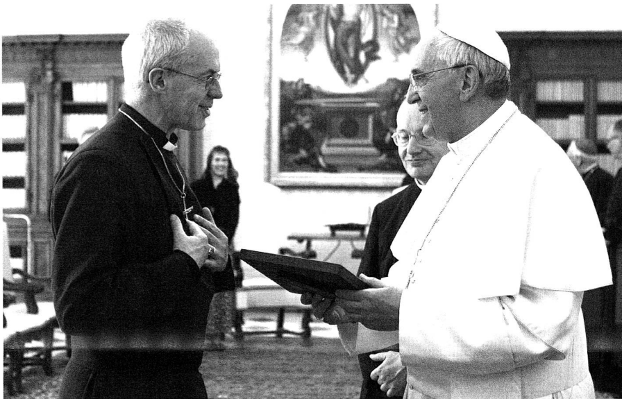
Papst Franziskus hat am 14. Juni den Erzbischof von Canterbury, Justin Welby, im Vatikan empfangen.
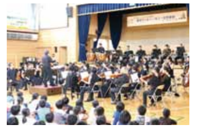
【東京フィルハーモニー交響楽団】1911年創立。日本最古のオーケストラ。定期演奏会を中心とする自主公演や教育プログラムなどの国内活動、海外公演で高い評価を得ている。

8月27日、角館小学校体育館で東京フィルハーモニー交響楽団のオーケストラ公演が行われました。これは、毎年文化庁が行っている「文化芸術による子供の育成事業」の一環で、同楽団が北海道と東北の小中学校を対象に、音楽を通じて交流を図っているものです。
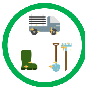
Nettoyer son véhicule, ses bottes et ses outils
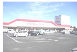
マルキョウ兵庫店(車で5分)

- Goal of the exercise
If an entry contains a picture, leave it out and repeat the rest exactly.

- Response
Papst Franziskus hat am 14. Juni den Erzbischof von Canterbury, Justin Welby, im Vatikan empfangen.
【東京フィルハーモニー交響楽団】1911年創立。日本最古のオーケストラ。定期演奏会を中心とする自主公演や教育プログラムなどの国内活動、海外公演で高い評価を得ている。

8月27日、角館小学校体育館で東京フィルハーモニー交響楽団のオーケストラ公演が行われました。これは、毎年文化庁が行っている「文化芸術による子供の育成事業」の一環で、同楽団が北海道と東北の小中学校を対象に、音楽を通じて交流を図っているものです。
Nettoyer son véhicule, ses bottes et ses outils
マルキョウ兵庫店(車で5分)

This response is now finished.